## Linear Classifiers

Linear classifiers are a type of supervised machine learning algorithm that are used for classification tasks. They aim to find a linear decision boundary that separates the data points into different classes.

There are several types of linear classifiers, including:

- Logistic Regression
- Support Vector Machines (SVM)
- Perceptron

These classifiers make predictions based on a linear combination of the input features, where the coefficients of the linear combination are learned during the training process.

Linear classifiers are often used when the data is linearly separable, meaning that a straight line or hyperplane can separate the data points of different classes. However, they can also be used for non-linearly separable data by applying non-linear transformations to the input features.
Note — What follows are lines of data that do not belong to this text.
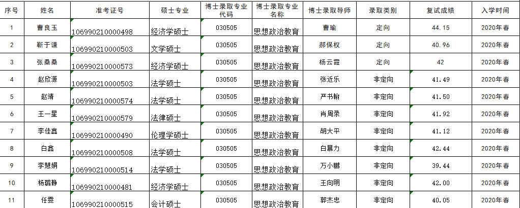 3044am永利集团2020年第一次公开招考博士研究生录取名单
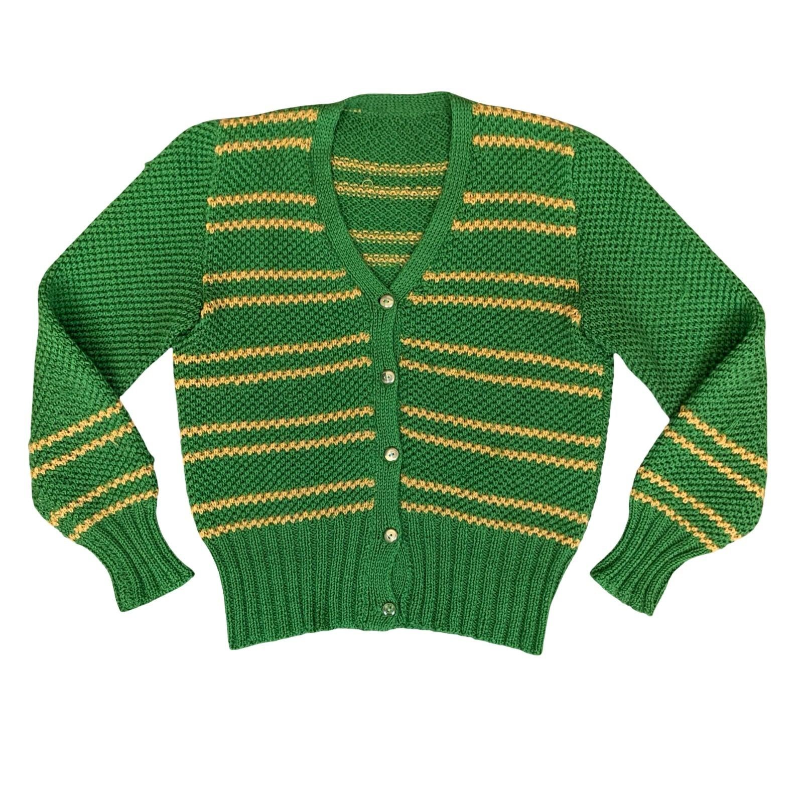 Vintage 1980s/90s green knit cardigan with yellow striped, v-neckline, long sleeves and a button up fastening. There are no labels - and so no mention of materials but feels like cotton. Soft, lightweight, and casual in style. Pair this with the right combination and it can be perfect for all year round use.
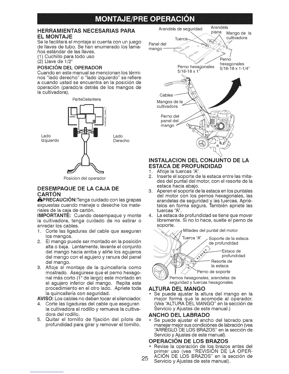 la cultivadora, tenga cuidado de no estirar o
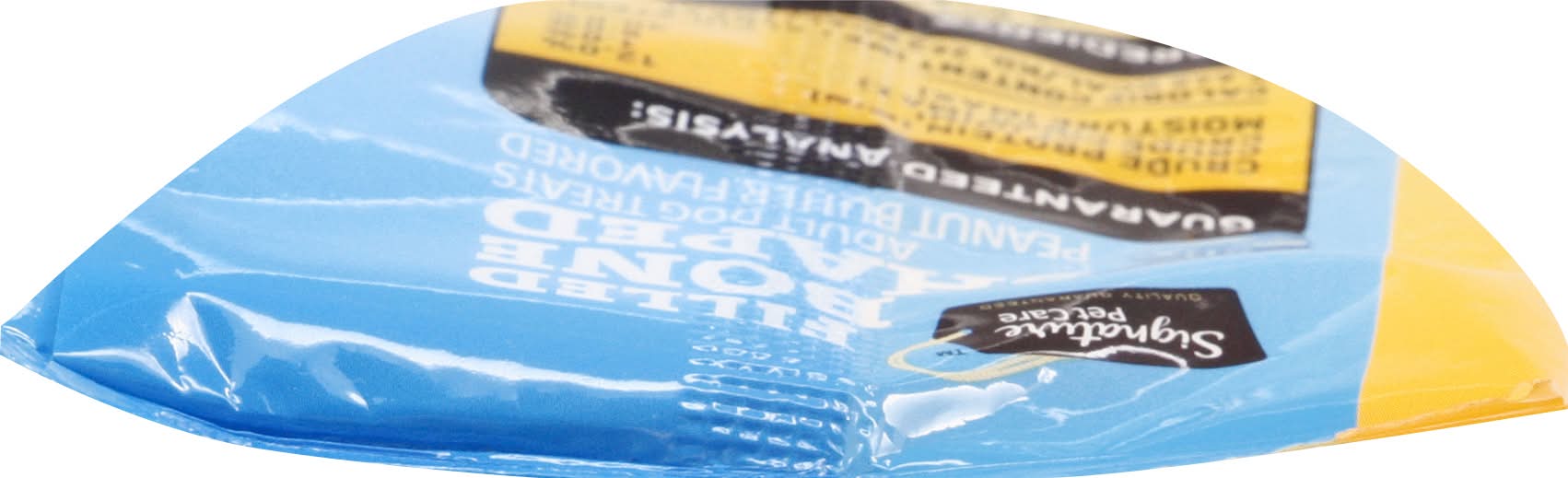 Directions for use: Feeding Directions: Not for human consumption. For adult dogs. Not intended for puppies. Not intended for dogs under 5 lbs. 5-15 lbs feed no more than 1 piece per week. 15-30 lbs and up feed no more than 2 pieces per week. 30-60 lbs and up feed no more than 3 pieces per week. Feed as a treat. Signature Pet Care filled dog bone shaped dog treats are intended for intermittent or supplemental feeding only. Be sure to provide your pet with plenty of fresh, cleaning drinking water daily. Store in a cool dry place, re-seal bag after opening. Storage recommendation: Store in a cool dry place, re-seal bag after opening.
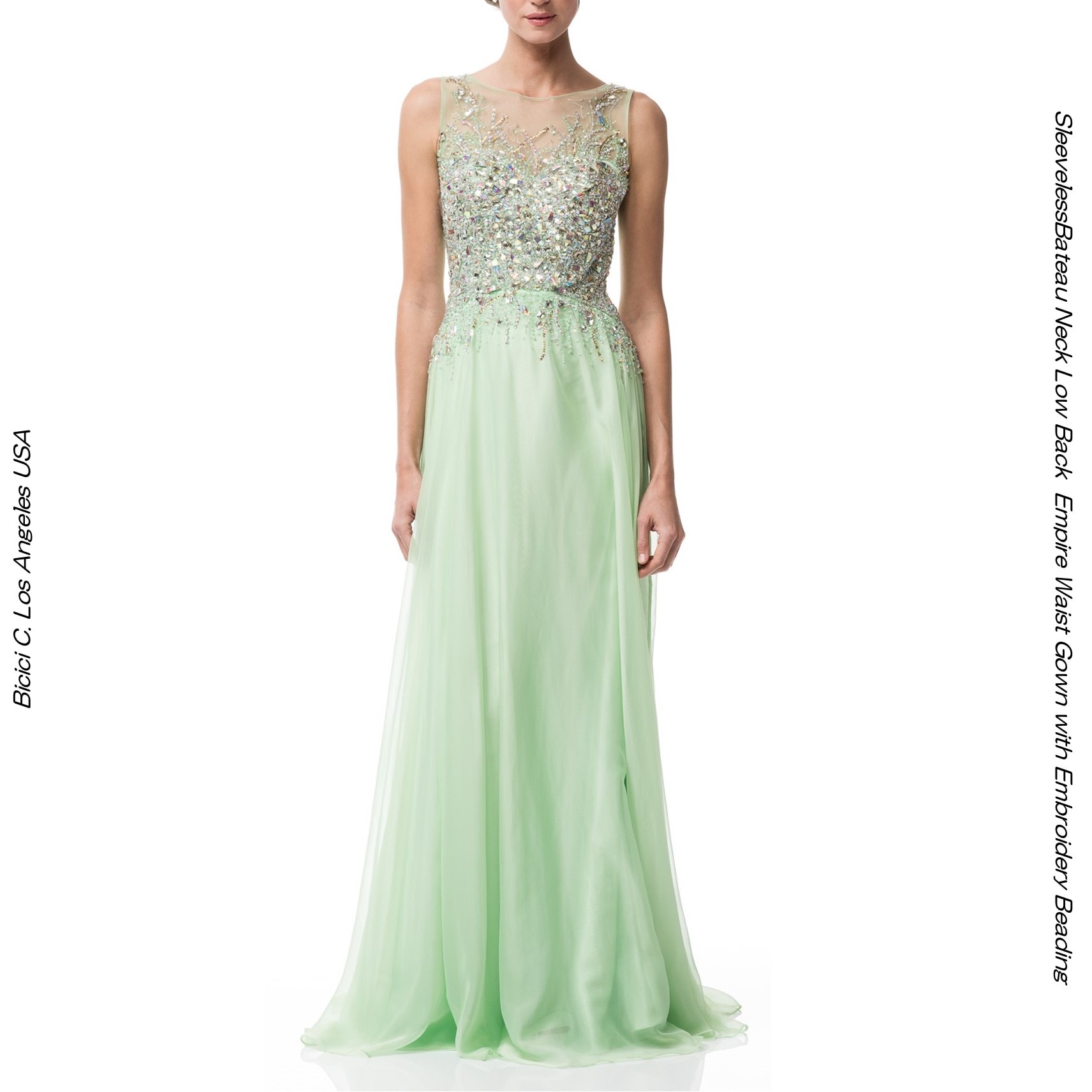 声楽ドレス ピアノ演奏 ノースリーブエンパイアドレス ミントグリーン オーロララインストーン ビジュエンブロイダリー 演奏会用ドレ...
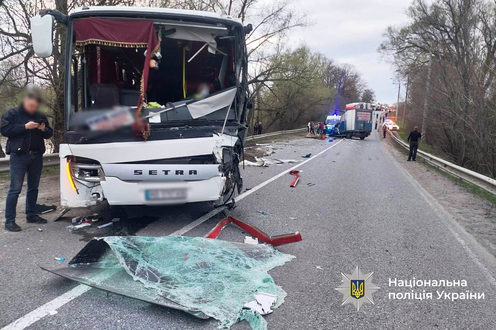 Унаслідок ДТП водій вантажівки отримав травми, несумісні з життям. Водія автобуса та ще двох пасажирів обстежили лікарі.
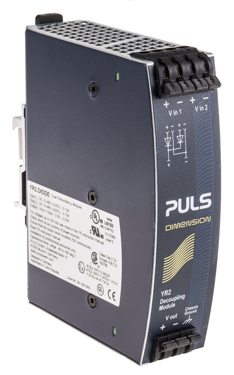 PULS YR2.DIODE Dimension DIN Rail Redundancy Module 2 x 10A Inputs 40A Output
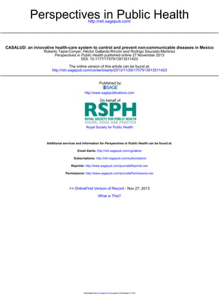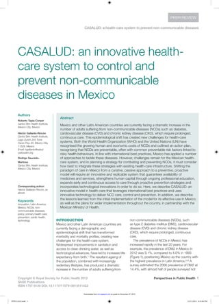 The document describes CASALUD, an innovative healthcare system in Mexico to control and prevent non-communicable diseases (NCDs) like diabetes and cardiovascular disease. It was created in response to Mexico facing a dramatic rise in NCDs due to aging populations and increasingly sedentary lifestyles. CASALUD leverages international best practices and innovative technology to deliver NCD care, control, and prevention through proactive strategies, expanded access to services, and ongoing professional education for healthcare providers. Initial implementation showed promising results, and the system is planned for wider adoption across Mexico in partnership with the Ministry of Health.
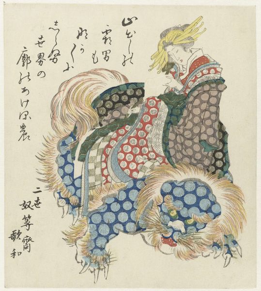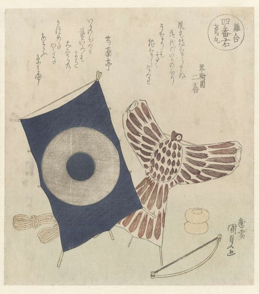 This woodblock print, "Fujiwara clan : de parels van eb en vloed en de Fujiwara zeis," was created by Katsushika Hokusai. The immediate visual impact comes from the surreal combination of geometric and organic forms. Two large spheres dominate the composition, their swirling concentric circles drawing the eye. Beneath these orbs, a draped cloth patterned with floral motifs and geometric borders cascades down, supported by what appears to be stylized legs. The artist presents a disquieting juxtaposition: the spheres, with their hypnotic patterns, challenge our perception of depth and form. The patterned cloth disrupts any sense of naturalism. The print destabilizes established categories of representation. The viewer is left to ponder the semiotic interplay between the image and the inscription, inviting us to question fixed meanings and engage with new ways of thinking about representation. It’s this dynamic interplay of form and meaning that makes Hokusai’s print so compelling.
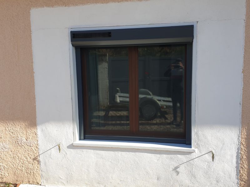 Pose dans une maison sur VIF de volets roulants rénovation motorisés solaire Somfy RTS, caisson forme à Pan coupé, coloris gris anthracite, moustiquaires intégrées dans caisson.
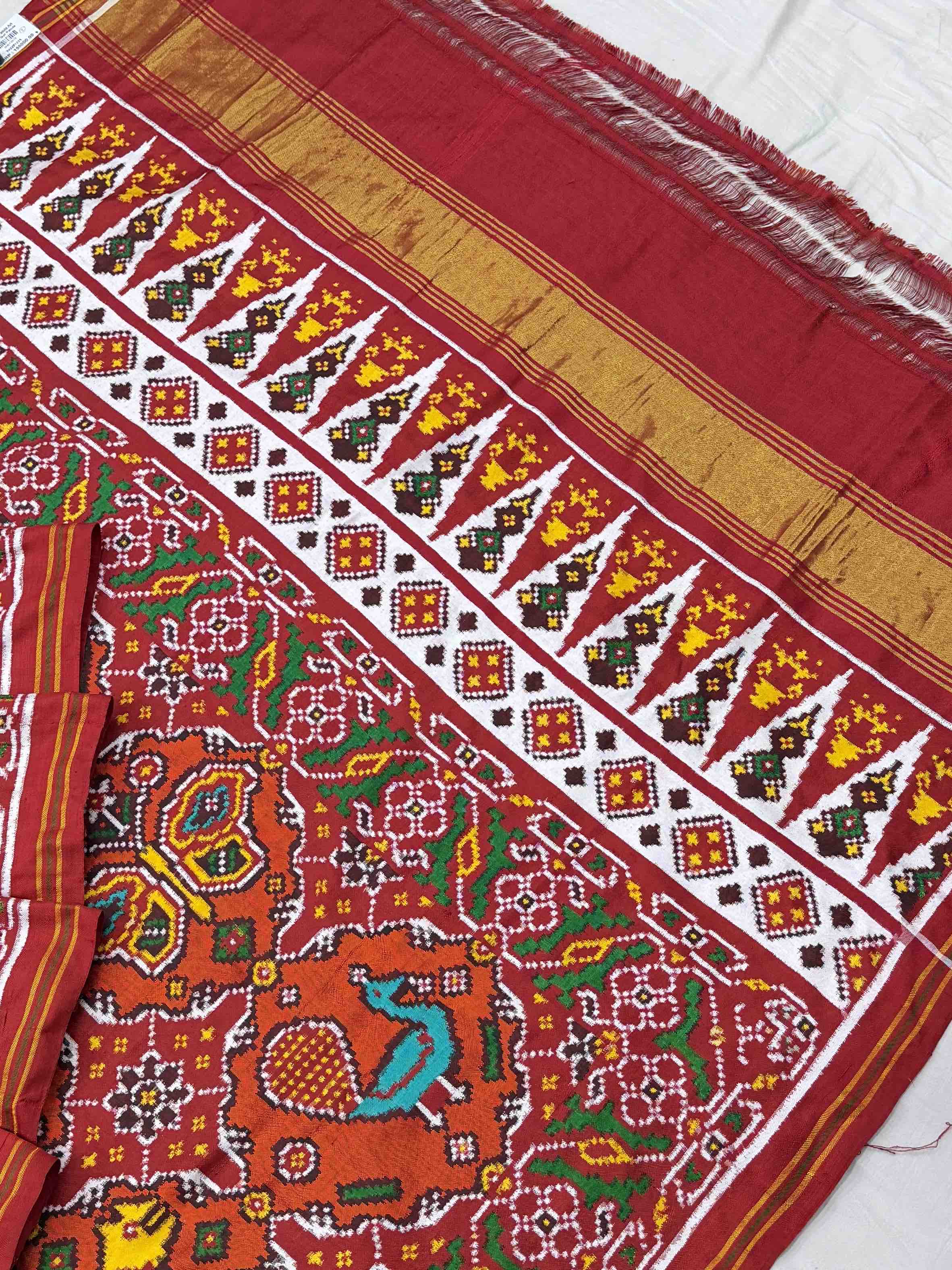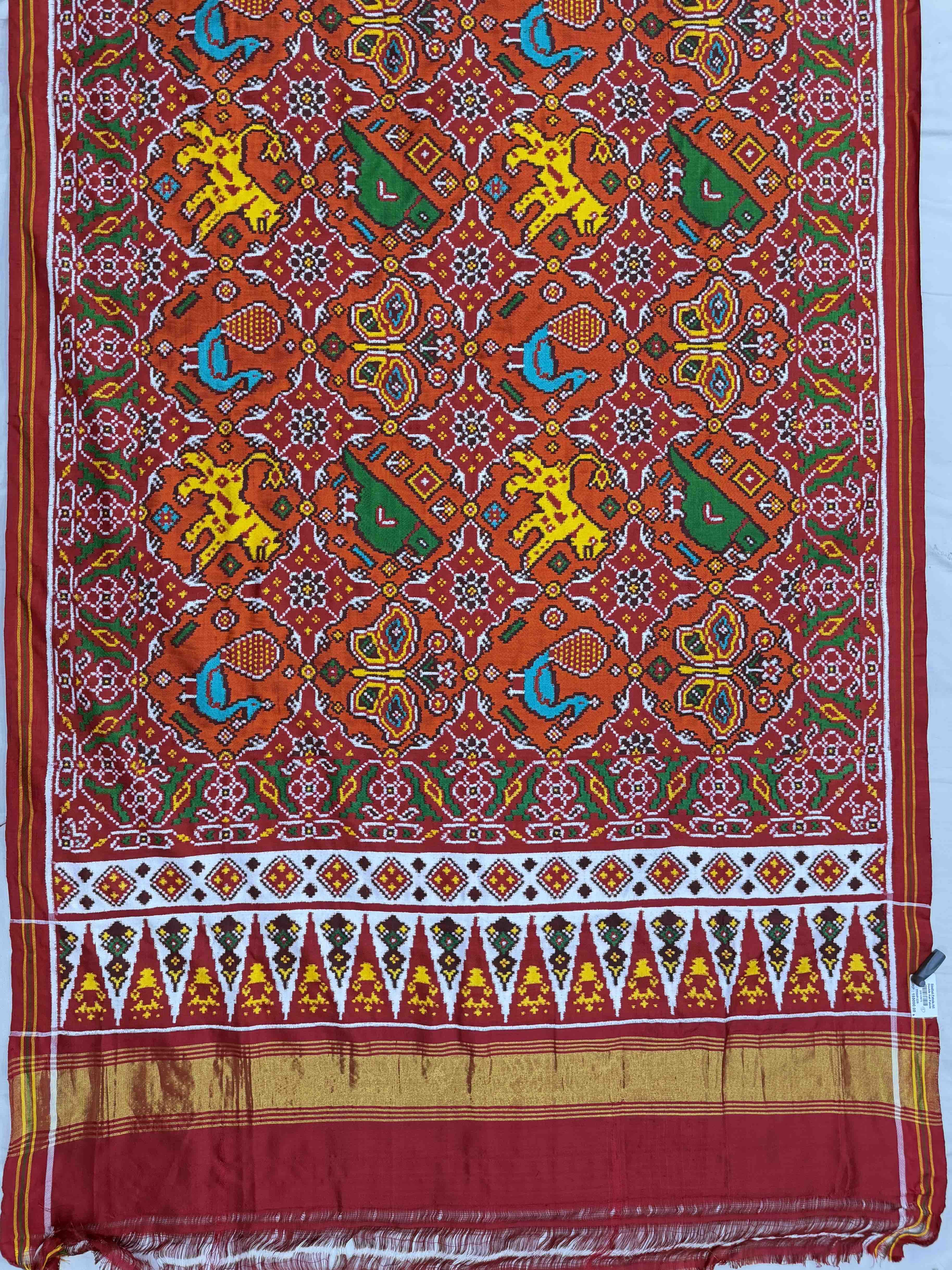 Double Ikat Hand-woven Patola saree Pure Mulberry Silk Length:5.5 meter Width:46 inch Dry Clean Only Authentic Double...

To train a linear classifier, you typically need a labeled dataset, where each data point is associated with a class label. The classifier learns from this labeled data to make predictions on new, unseen data points.

## Support Vector Machines (SVM)

Support Vector Machines (SVM) is a supervised machine learning algorithm that can be used for both classification and regression tasks. It is based on the concept of finding the hyperplane that best separates the data points into different classes.

In SVM, the goal is to find the optimal hyperplane that maximizes the margin between the support vectors, which are the data points closest to the decision boundary. The decision boundary is defined by the hyperplane, and the margin is the distance between the hyperplane and the support vectors.

SVM can handle both linearly separable and non-linearly separable data by using different types of kernels. Kernels are functions that transform the input data into a higher-dimensional space, where it becomes easier to find a hyperplane that separates the data.

SVM has several advantages, including:

- Effective in high-dimensional spaces
- Memory efficient
- Versatile with different kernel functions

However, SVM can be sensitive to the choice of hyperparameters and may require careful tuning to achieve optimal performance.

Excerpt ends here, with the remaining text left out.